DATA RECORDS =>

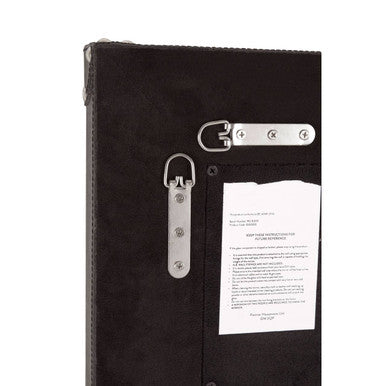 This wall mirror makes a stately impression with its use of materials and classic design. The soft leather frame has a black finish and is complemented by strap detailing on each side. Metallic accents add a reflective touch to the look.
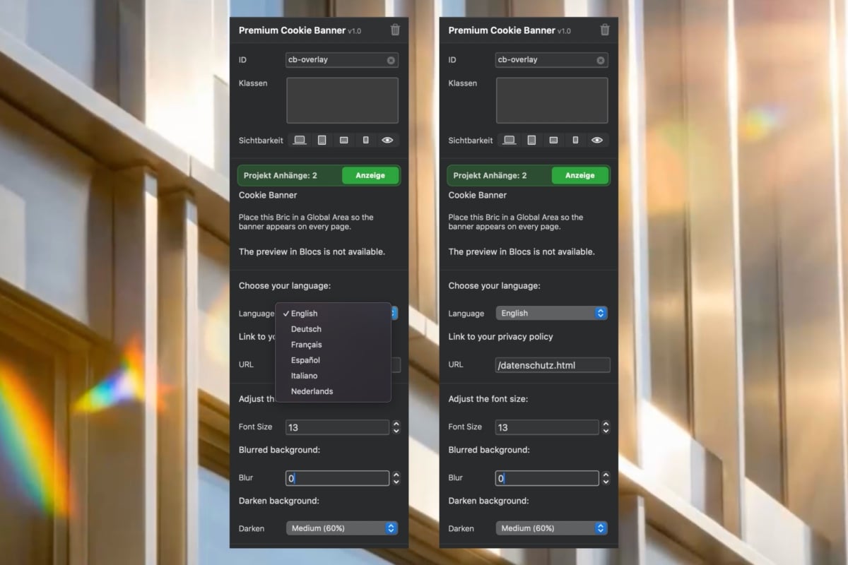The Premium Cookie Banner handles all cookie consent requirements automatically. External content is blocked until the visitor gives consent — and restored instantly when they accept.
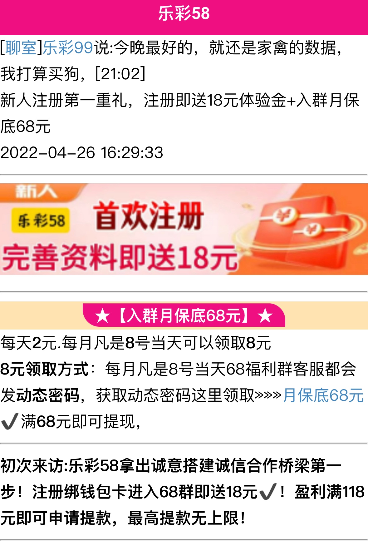 【乐彩58】—✅—注册送18彩金
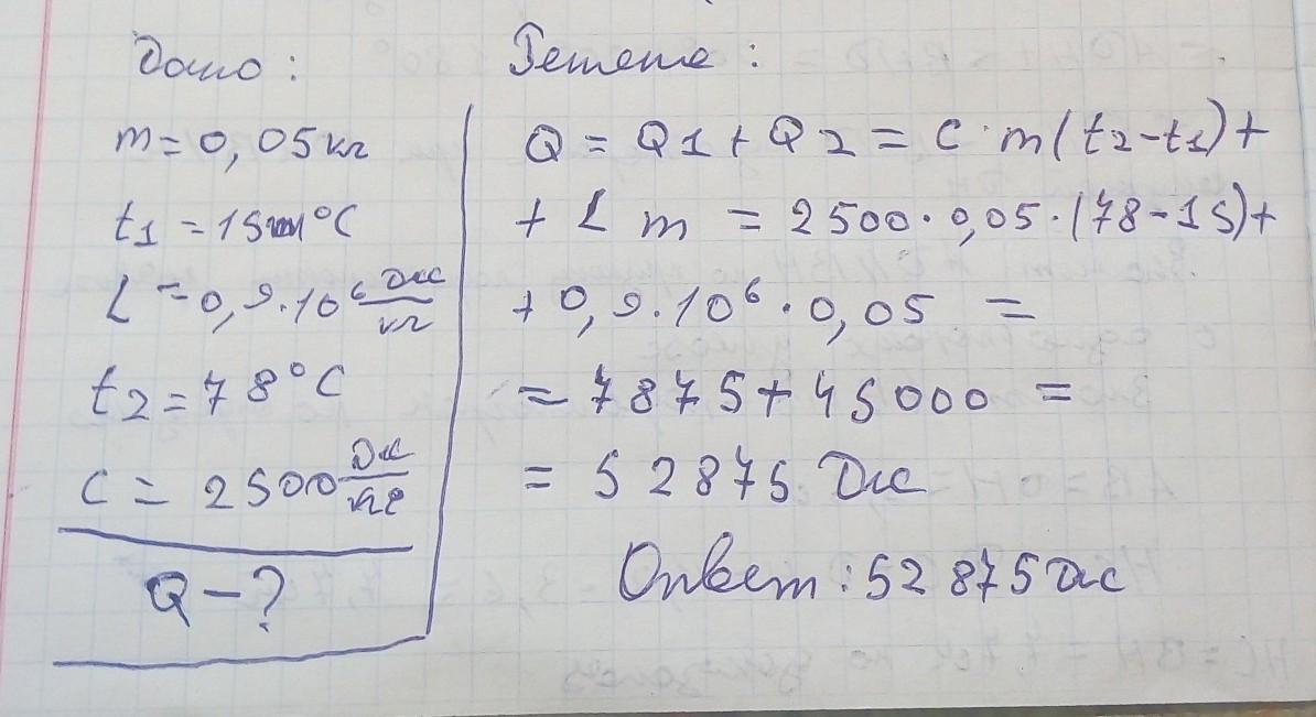 Какое количество теплоты требуется для обращения 50 г спирта , взятого при температуре 15 0 С в пар?
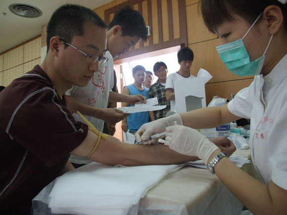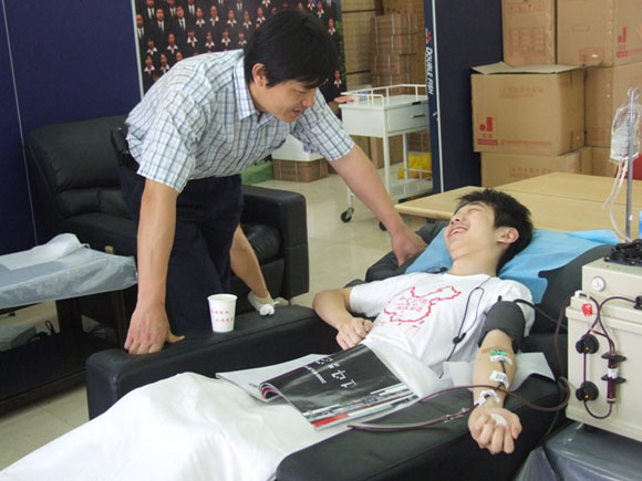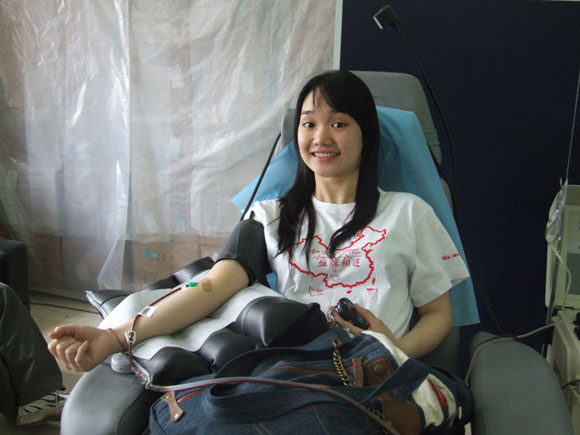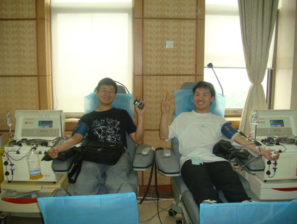 在此次我校师生支援抗震救灾活动中,有2000余名同学踊跃报名做献血志愿者。目前为灾区救治病人主要缺乏血浆,基本不缺全血;近日,灾区向首都提出2000袋血浆的援助申请!5月31日,校团委、研究生会、学生会以及红十字会共同组织了我校中关村校区和良乡校区220余名学生和专职团干部来到北京市红十字会血液中心,参加为灾区同胞献血活动,以实际行动支援抗震救灾.
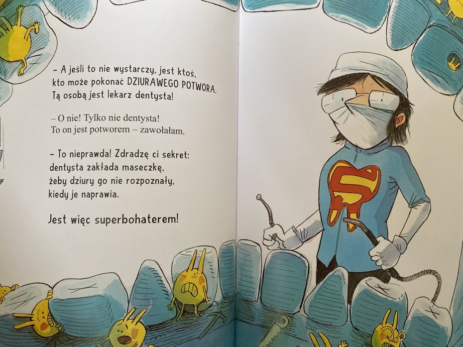 Czarny, kosmaty stworek wyjaśnia, że lekarz dentysta stoi po naszej stronie. Jest on superbohaterem, noszącym maseczkę, aby zębowe potwory go nie rozpoznały. Dziewczynka nie jest do końca przekonana i stwierdza, że mycie zębów jest nudne. Potworek podpowiada jej, jak może umilić sobie czas spędzony na szczotkowanie i podsuwa pomysły. Aby się więcej nie nudziła, może myć zęby pod prysznicem, albo stojąc na jednej nodze, czy też robić śmieszne miny, a najlepiej, kiedy mogłaby zmienić się w potwora przeciwko dziurom!
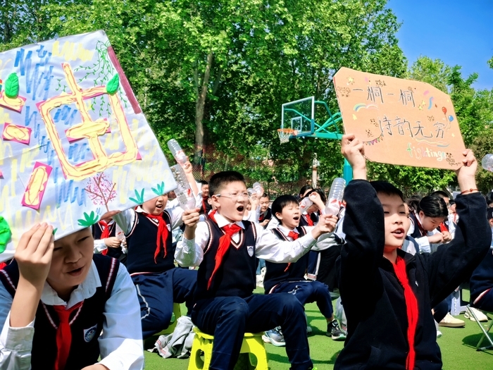 近日,济南市六里山小学以“香山叠翠入诗卷,你我同是颂春人”为主题,举办第三届赏花文化节,同步启动国际生态学校创建,并举行“健康第一・香山十大阳光研学基地”揭牌仪式。
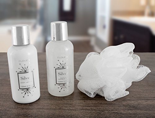 - The gift set includes 6.8 fl.oz (200 ml) shower gel, 6.8 fl.oz (200 ml) body lotion and an exfoliating sponge made of nylon.

BRIEF => Could you retype exactly, and only, the lines running from the one with "Czarny, kosmaty stworek" to the last line of the listing, while leaving any pictures out?

EXERCISE OUTPUT =>
 Czarny, kosmaty stworek wyjaśnia, że lekarz dentysta stoi po naszej stronie. Jest on superbohaterem, noszącym maseczkę, aby zębowe potwory go nie rozpoznały. Dziewczynka nie jest do końca przekonana i stwierdza, że mycie zębów jest nudne. Potworek podpowiada jej, jak może umilić sobie czas spędzony na szczotkowanie i podsuwa pomysły. Aby się więcej nie nudziła, może myć zęby pod prysznicem, albo stojąc na jednej nodze, czy też robić śmieszne miny, a najlepiej, kiedy mogłaby zmienić się w potwora przeciwko dziurom!
 近日,济南市六里山小学以“香山叠翠入诗卷,你我同是颂春人”为主题,举办第三届赏花文化节,同步启动国际生态学校创建,并举行“健康第一・香山十大阳光研学基地”揭牌仪式。
 - The gift set includes 6.8 fl.oz (200 ml) shower gel, 6.8 fl.oz (200 ml) body lotion and an exfoliating sponge made of nylon.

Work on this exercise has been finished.